Task inputs:
━━━━━━━━
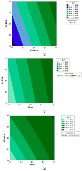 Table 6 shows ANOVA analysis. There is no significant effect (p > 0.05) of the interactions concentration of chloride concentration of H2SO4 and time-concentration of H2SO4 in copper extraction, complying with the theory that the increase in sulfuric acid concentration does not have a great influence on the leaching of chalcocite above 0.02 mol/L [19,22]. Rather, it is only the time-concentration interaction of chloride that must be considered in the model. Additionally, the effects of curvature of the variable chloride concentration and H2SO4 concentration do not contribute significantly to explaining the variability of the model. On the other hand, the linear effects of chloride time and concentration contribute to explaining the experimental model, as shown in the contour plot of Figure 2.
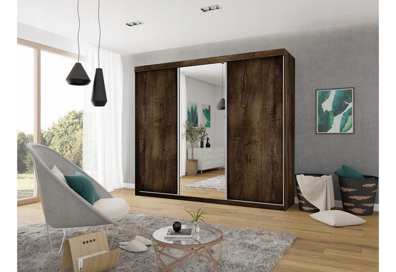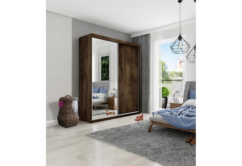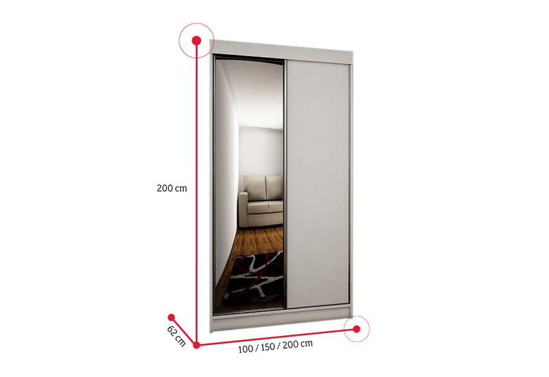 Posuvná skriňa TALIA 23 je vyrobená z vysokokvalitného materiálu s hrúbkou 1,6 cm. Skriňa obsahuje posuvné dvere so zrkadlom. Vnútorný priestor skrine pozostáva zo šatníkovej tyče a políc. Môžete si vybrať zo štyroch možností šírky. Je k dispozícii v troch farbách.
━━━━━━━━
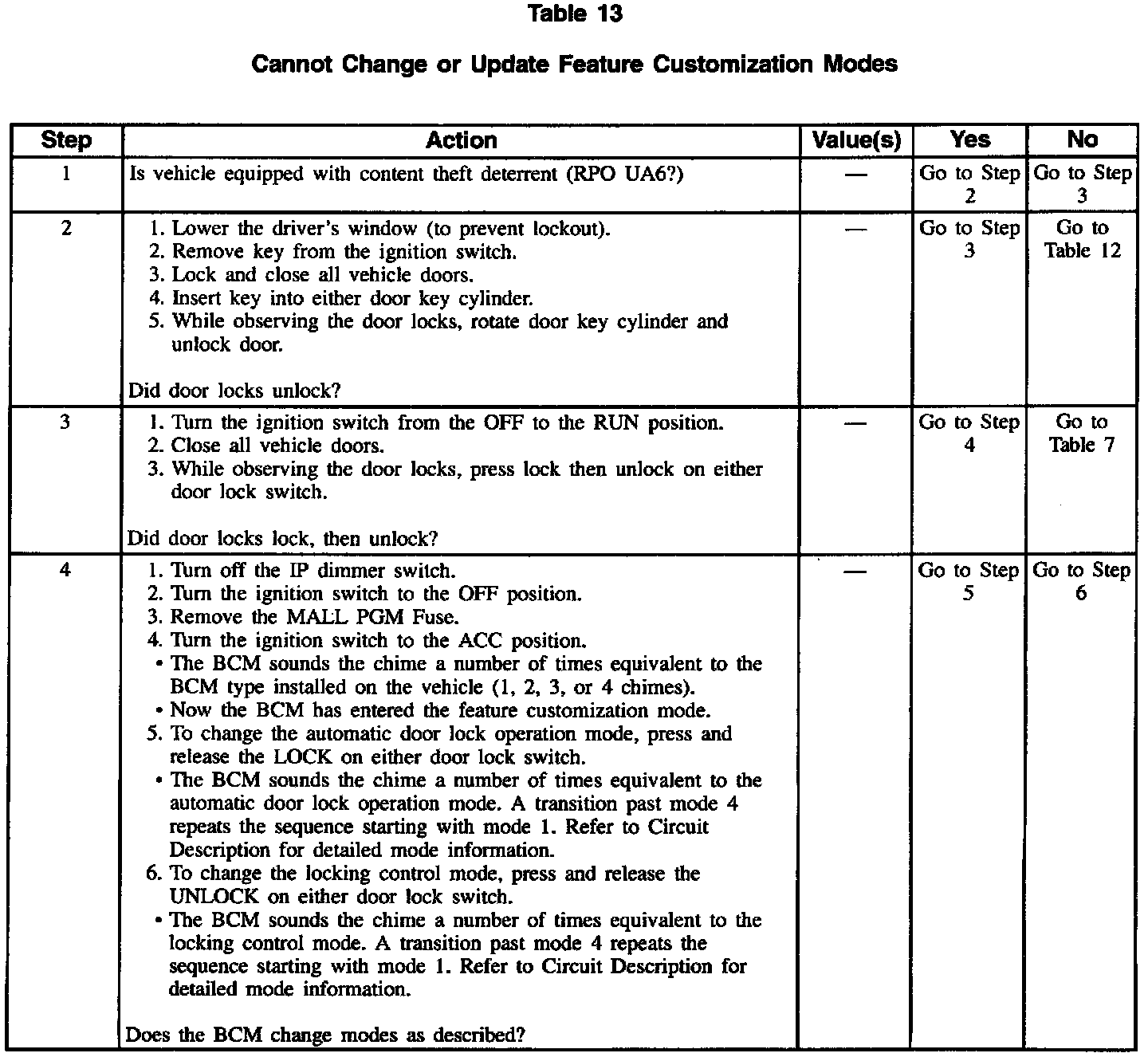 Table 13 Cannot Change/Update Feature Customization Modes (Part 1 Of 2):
━━━━━━━━
Task prompt: Skipping the pictures, print the lines in the listing above exactly as written, starting at the line with "Table 6 shows" and ending at the line with "Posuvná skriňa TALIA", both included.

Result:
 Table 6 shows ANOVA analysis. There is no significant effect (p > 0.05) of the interactions concentration of chloride concentration of H2SO4 and time-concentration of H2SO4 in copper extraction, complying with the theory that the increase in sulfuric acid concentration does not have a great influence on the leaching of chalcocite above 0.02 mol/L [19,22]. Rather, it is only the time-concentration interaction of chloride that must be considered in the model. Additionally, the effects of curvature of the variable chloride concentration and H2SO4 concentration do not contribute significantly to explaining the variability of the model. On the other hand, the linear effects of chloride time and concentration contribute to explaining the experimental model, as shown in the contour plot of Figure 2.
 Posuvná skriňa TALIA 23 je vyrobená z vysokokvalitného materiálu s hrúbkou 1,6 cm. Skriňa obsahuje posuvné dvere so zrkadlom. Vnútorný priestor skrine pozostáva zo šatníkovej tyče a políc. Môžete si vybrať zo štyroch možností šírky. Je k dispozícii v troch farbách.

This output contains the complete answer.